OMEGA
Lately, the luxury goods business seemed to have undergone a facelift and totally brushing aside the devastation of the great Depression faster than what many people had envisaged. Companies are tentatively hedging their bets on the prospect for any expansion deserving of consideration. However, leading brands continually reported incremental
rise in revenues and profit, not only eluding, but seemingly ridiculing, all the precursors of an unyielding and guarded market, including wavering consumer aplomb, increased reparatory rates, and sauntering ambiguity about the permanence and durability of the restoration.
In the past, consumers helped their country’s recession by seemingly squandering their way out of depressions. Today, even though consumers are still at the center of a global economy, but so far they have been unwilling (and are often unable) to spend their way back to good times.

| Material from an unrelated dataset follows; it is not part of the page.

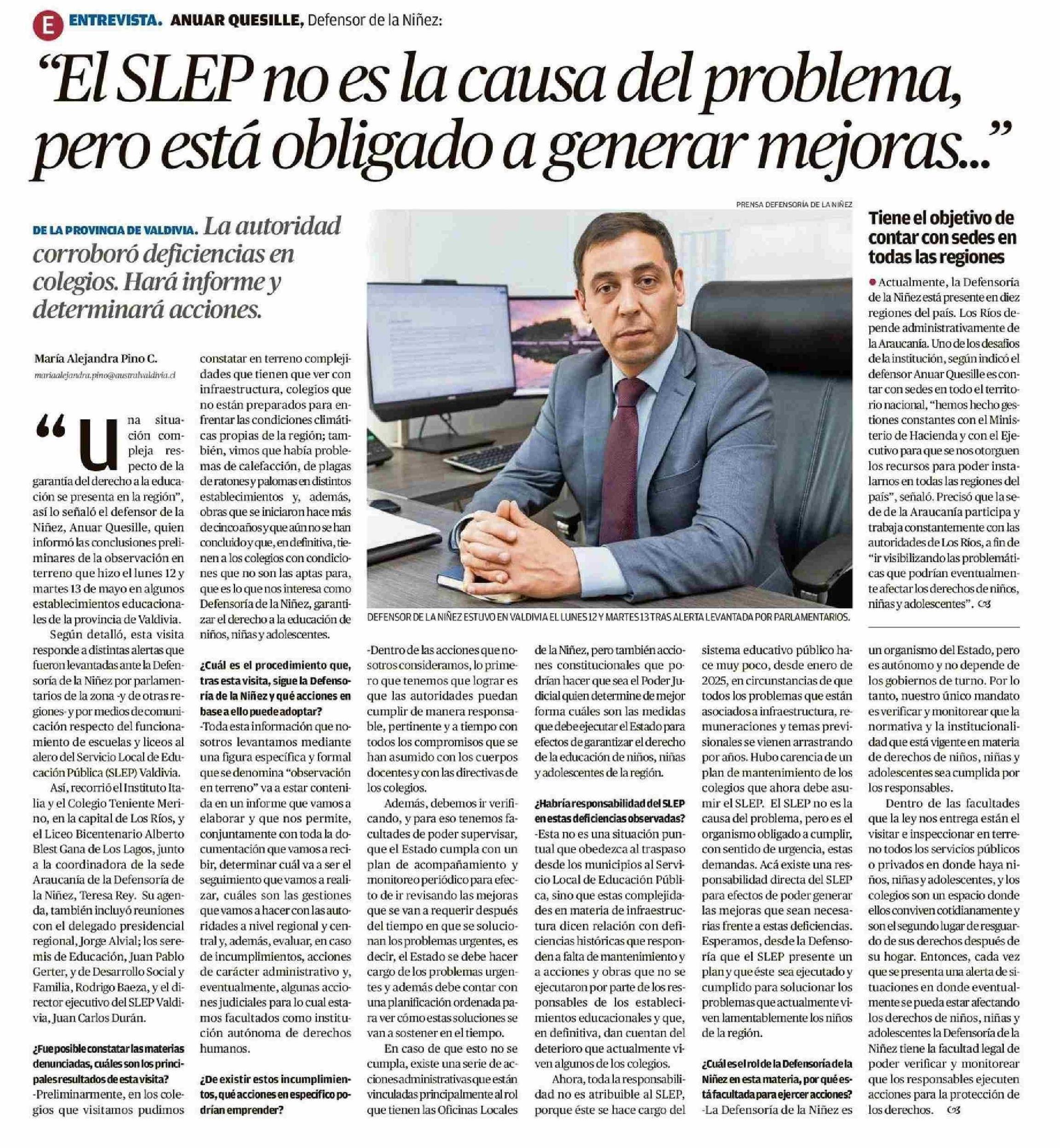 "El SLEP no es la causa del problema, pero está obligado a generar mejoras, 19-05-2025 Diario Austral Región de Los Ríos |

Perhaps it is partly due to the gradual replacement of credit-living with debit cards becoming more and more as a preferred option of spending than instant gratification. With increased far-sightedness and frugality, most consumers are abridging spending in anticipation of preceding pangs over real hardship.
But these signs of a revival do not herald a return to biz as usual. Beyond hindsight, the Great Recession was more than a necessary encumbrance-- in fact, it was the turning point for unfathomable transformations in spending behaviors and the dog-eat-dog mise en scène belligerently scowling to ravel the pizzazz of high-living. In this new world of opulence, being unique and pegged can be no difference from pagan symbols--and is no longer enough to make a brand flourish, and fewer amongst the lucid and highly discerning spenders are willing to just merrily partake of exorbitant prices as the mark of austerity with an increase in intellect and logic. They certainly require saner ratiocination to buy than whimsically running through every luxury boutique in town with debauched wanton abandonment; clamoring their ways up into cloud-nine.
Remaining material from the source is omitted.